5 Things You Might Not Know About Fleetwood Mac’s Self-Titled Album

Tuesday, September 4, 2018
Fleetwood Mac, FLEETWOOD MAC

42 years ago today, Fleetwood Mac’s self-titled album landed atop the Billboard 200, having taking a slow and steady path to get there. To celebrate the occasion, we’ve put together a list of five things about the album that you may not have realized.

1.    “Monday Morning,” “Rhiannon,” and “I’m So Afraid” were all written before Lindsey Buckingham and Stevie Nicks joined Fleetwood Mac.

Prior to Bob Welch’s departure from Fleetwood Mac sending the rest of the band on a search for a replacement, Buckingham and Nicks had been playing around as a duo called – not entirely surprisingly – Buckingham Nicks. After already released a self-titled album together, the duo were planning for a sophomore effort, but when those plans changed as a result of being absorbed into the lineup of Fleetwood Mac, they opted to use their new compositions for their new band.

2.    The album contained a rarity for Fleetwood Mac albums of the Buckingham-Nicks era:  a song that wasn’t written – or even co-written – by a band member.
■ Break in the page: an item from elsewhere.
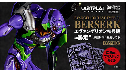 海洋堂は11月に、テレビアニメ「新世紀エヴァンゲリオン」の放送当時にガレージキットとして発売された、造形師の松村しのぶさん制作によるエヴァンゲリオン初号機を、プラスチックモデル「ARTPLA SCULPTURE WORKS エヴァンゲリオン初号機“暴走”」として発売する。価格は7150円で、7月25日から予約を受け付けている。

Penned by brothers Michael and Richard Curtis, “Blue Letter” found its way onto FLEETWOOD MAC as a result of the band’s new members, with Buckingham and Nicks having met and worked with the Curtis brothers on some demos for the second Buckingham Nicks album. When Mick Fleetwood heard the Curtis brothers recording their own version, the decision was made for the band to cover it, too.

3.    “Landslide” was written by Nicks while she was trying to figure out what she wanted to do with her life.
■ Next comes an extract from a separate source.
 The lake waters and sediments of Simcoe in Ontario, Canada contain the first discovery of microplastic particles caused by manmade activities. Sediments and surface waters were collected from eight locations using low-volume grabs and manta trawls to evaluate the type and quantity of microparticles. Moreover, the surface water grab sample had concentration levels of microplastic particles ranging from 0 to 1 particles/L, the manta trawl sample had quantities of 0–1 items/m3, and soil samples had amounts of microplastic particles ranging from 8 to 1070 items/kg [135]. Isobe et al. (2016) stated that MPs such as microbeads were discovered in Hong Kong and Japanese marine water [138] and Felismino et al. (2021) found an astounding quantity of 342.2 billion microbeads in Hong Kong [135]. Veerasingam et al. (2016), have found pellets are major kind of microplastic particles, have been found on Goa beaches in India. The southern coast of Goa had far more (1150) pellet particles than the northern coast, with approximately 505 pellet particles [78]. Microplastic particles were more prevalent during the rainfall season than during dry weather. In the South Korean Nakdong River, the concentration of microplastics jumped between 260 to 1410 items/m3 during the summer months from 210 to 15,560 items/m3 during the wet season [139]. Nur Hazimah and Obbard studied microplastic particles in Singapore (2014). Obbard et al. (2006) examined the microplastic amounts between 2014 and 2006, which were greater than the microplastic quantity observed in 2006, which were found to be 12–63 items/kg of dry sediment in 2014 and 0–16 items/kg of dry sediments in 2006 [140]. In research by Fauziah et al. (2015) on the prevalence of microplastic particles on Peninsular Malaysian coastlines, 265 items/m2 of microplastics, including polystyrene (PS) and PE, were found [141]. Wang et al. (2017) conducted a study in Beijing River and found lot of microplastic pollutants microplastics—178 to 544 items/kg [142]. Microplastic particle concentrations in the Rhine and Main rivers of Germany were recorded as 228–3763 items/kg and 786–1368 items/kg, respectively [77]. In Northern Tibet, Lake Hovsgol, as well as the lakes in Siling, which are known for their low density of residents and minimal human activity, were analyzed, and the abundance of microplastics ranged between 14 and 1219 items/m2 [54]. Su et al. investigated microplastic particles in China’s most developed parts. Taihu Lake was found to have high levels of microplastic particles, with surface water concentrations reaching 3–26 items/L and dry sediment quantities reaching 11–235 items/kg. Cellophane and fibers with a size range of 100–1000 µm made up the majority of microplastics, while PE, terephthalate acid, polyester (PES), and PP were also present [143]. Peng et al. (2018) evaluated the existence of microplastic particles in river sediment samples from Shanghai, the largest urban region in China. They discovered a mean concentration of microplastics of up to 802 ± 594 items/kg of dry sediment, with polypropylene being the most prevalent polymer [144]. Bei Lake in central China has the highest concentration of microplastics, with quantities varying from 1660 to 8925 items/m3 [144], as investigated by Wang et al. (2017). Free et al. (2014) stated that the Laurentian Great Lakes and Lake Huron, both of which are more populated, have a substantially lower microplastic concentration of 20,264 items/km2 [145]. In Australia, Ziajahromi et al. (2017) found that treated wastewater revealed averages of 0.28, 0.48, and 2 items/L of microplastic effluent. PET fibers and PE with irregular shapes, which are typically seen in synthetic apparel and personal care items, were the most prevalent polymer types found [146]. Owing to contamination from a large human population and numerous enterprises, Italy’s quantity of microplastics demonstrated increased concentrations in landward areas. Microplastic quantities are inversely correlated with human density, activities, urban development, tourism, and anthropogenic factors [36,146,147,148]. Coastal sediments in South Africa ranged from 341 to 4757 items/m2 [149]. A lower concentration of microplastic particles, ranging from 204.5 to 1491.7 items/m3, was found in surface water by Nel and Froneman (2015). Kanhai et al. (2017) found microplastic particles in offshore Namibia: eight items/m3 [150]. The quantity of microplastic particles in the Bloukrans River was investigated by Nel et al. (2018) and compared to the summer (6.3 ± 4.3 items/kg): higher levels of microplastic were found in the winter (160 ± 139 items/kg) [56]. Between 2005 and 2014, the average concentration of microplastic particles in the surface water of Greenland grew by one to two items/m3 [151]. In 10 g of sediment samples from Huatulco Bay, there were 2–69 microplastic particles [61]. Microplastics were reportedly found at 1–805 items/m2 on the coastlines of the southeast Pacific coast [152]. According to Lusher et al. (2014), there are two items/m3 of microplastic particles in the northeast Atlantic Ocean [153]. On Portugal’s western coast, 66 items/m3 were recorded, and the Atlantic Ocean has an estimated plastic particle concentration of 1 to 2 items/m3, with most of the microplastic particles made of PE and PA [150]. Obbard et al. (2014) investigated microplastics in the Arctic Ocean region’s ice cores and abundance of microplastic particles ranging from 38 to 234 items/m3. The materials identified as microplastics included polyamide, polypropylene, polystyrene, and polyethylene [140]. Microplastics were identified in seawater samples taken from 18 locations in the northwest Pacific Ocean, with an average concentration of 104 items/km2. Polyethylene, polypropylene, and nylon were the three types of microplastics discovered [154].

Nicks wrote in the liner notes for CRYSTAL VISIONS that she was at a loss as to what she should do with her life when, while sitting in Aspen, Colorado, she penned the words to “Landslide.” It was a reasonable concern at the time: Buckingham Nicks had been dropped from their label, she and Buckingham were struggling with their relationship, and the thought of leaving music and going back to school was a very real consideration. Instead, fate took her hand and provided her with the music career of a lifetime…and she still ended up with an iconic song!

4.    “World Turning” was the first co-write between Buckingham and Christine McVie to appear on a Fleetwood Mac album.

For a song that was never released as a single, this is one of those tracks that’s still played often on album rock radio and has remained a staple of the band’s set lists virtually since its introduction. Little did these two songwriters know at the time that they’d eventually find their way into releasing an entire album together.

5.    It took 15 months for FLEETWOOD MAC to top the chart.

Yes, it’s true: this album was the textbook definition of a “grower,” taking more than a year to climb to the pinnacle of the Billboard 200. But that’s what happens when a band decides that they’re willing to tour until they drop to make sure that their album is appreciated properly.